▶ Input data
************
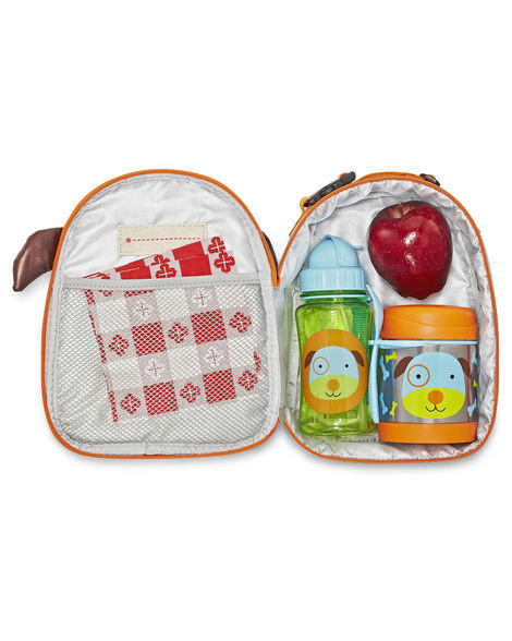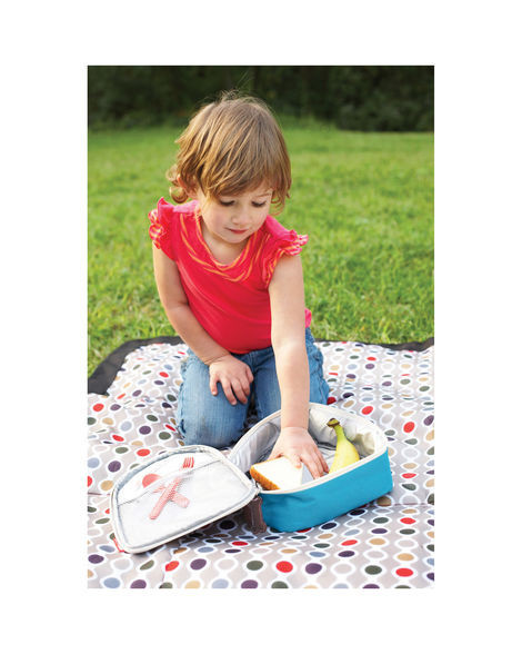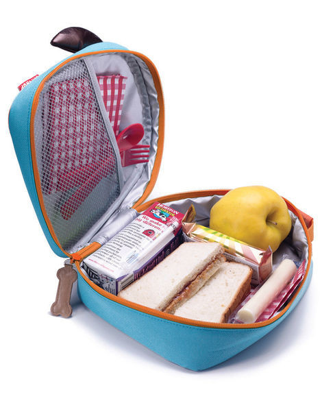 - tágas fő rekesz, amely elég nagy egy szendvics, alma és egy dobozos gyümölcslé tárolásához
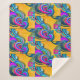 The fabric is really soft, and thick, I’m sitting here with it wrapped around me and it’s so warm! It’s really smooth and sleek on the printed side and fluffy on the back. I love it! Such good quality, so vibrant and clear, not blurry at all! See the photos I’ve attached, there’s no filters or anything on them!
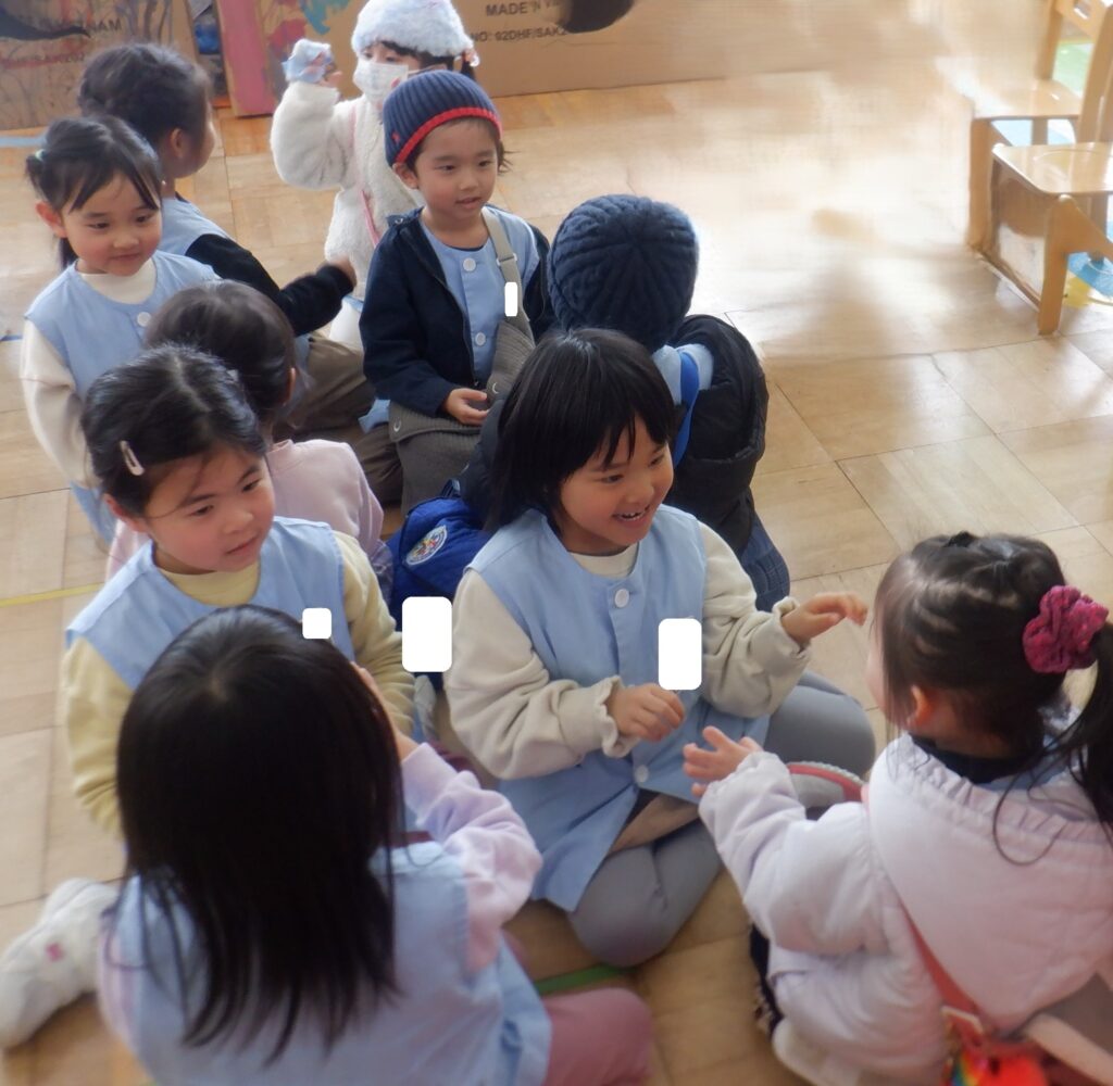 おはなしポケットの皆さんが来てくれて,一緒にわらべうたを楽しみました。音楽のリズムに合わせて体を動かしました。
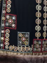 - Matériaux et techniques : Crêpe de soie noir, lamé or, broderies à l’aiguille de perles polychromes et de perles fantaisie transparentes, de fils métalliques or et de fils de soie polychromes au point de chaînette ; miroirs ; fourrure.
************
▶ Description of the task
After locating the line that holds "おはなしポケットの皆さんが来", output exactly the lines from it through the last line of the material above, inclusive, without pictures.

▶ Exercise output
 おはなしポケットの皆さんが来てくれて,一緒にわらべうたを楽しみました。音楽のリズムに合わせて体を動かしました。
 - Matériaux et techniques : Crêpe de soie noir, lamé or, broderies à l’aiguille de perles polychromes et de perles fantaisie transparentes, de fils métalliques or et de fils de soie polychromes au point de chaînette ; miroirs ; fourrure.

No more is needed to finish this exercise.